In noting that East might have prepared his statement on August 20, the
district court was apparently referring to the fact that East responded affirmatively
to a question at his deposition asking whether his written statement “was created
the same day or day after [his] meeting with the homicide detectives from
Rampart.” But to the extent that East might have created the statement on August
20, that is because he also stated at his deposition that he might have prepared the
5 report after he left the Rampart station: he said that he “returned to the school
police station,” but he did not remember whether he had “written a report” then or
had simply “gone end of watch,” “[m]eaning that [his] duty was over, so [he]
turned in [his] gear and left for the day.” If he prepared the statement on August
20, it would have been, at the earliest, during or after Tobias’s interrogation.
Moreover, there is no evidentiary basis for concluding that the detectives
received East’s written statement before Tobias confessed.

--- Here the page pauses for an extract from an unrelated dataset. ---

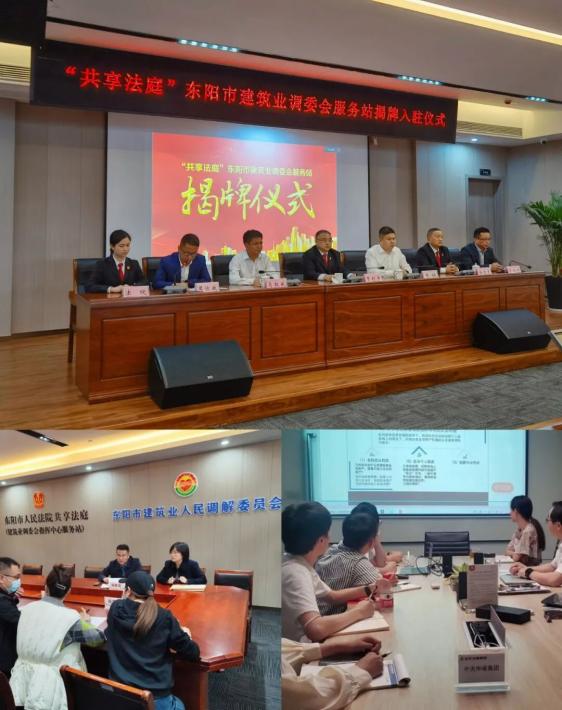 近几年,随着市场环境变化,建筑业面临着一系列挑战,涉诉纠纷数量呈“爬坡”式上升。基于此,2022年5月,我院携手东阳市住建局、东阳市司法局、金华律协房地产建筑行业协会设立共享法庭(建筑业调委会指挥中心服务站),汇聚专业调解力量入驻东阳市建筑业服务中心,并以其为基站不断延伸司法服务“藤蔓”,在多家建筑企业、多个风险楼盘设立分支服务点,将优质高效便捷的司法服务下沉到企业“家门口”,强力推进东阳建筑业高质量发展。截至2023年11月,建调委指挥中心服务站共办结诉前纠纷2245件,调解成功率38.39%,标的额达7.53亿元。

On the contrary, the
police internal records reflect that one of the interrogating detectives sent an email
to East requesting written statements from him and Negroe on August 24. East
stated at his deposition that he dropped off the statement “within a few days of
August 20.” In East’s declaration, he stated that he actually did not deliver his
statement until September 4. Either way, it was days after Tobias’s arrest and
confession. There is no evidence in the record supporting the view that the
statement was prepared and delivered before Tobias’s confession.
Because the only potential falsehoods that Tobias sufficiently established on
summary judgment were the embellishments in East’s subsequent written report,
and because the record contains no evidence that would support a plausible
inference that East prepared that report and delivered it to the deputies before
Tobias’s confession, it is clear that no reasonable jury could find that East’s
alleged embellishments in his written report were a but-for cause of any
6 deprivation of Tobias’s liberty. Because the answer to this question is clear from
the existing record, this court should decide this issue, reverse the denial of
qualified immunity to East, and order his dismissal from the case.
II Because I conclude that East should be dismissed from the case on these
grounds, I have no occasion to reach the difficult question of whether we have
jurisdiction, under Jeffers v. Gomez, 267 F.3d 895 (9th Cir. 2001), to address
whether the district court correctly concluded that Tobias presented sufficient
evidence to support a reasonable inference that East’s alleged embellishments were
intentional. I express no view on that question, and I therefore do not join section
1 of the majority’s decision.
* * *
For the foregoing reasons, I respectfully concur in part and dissent in part.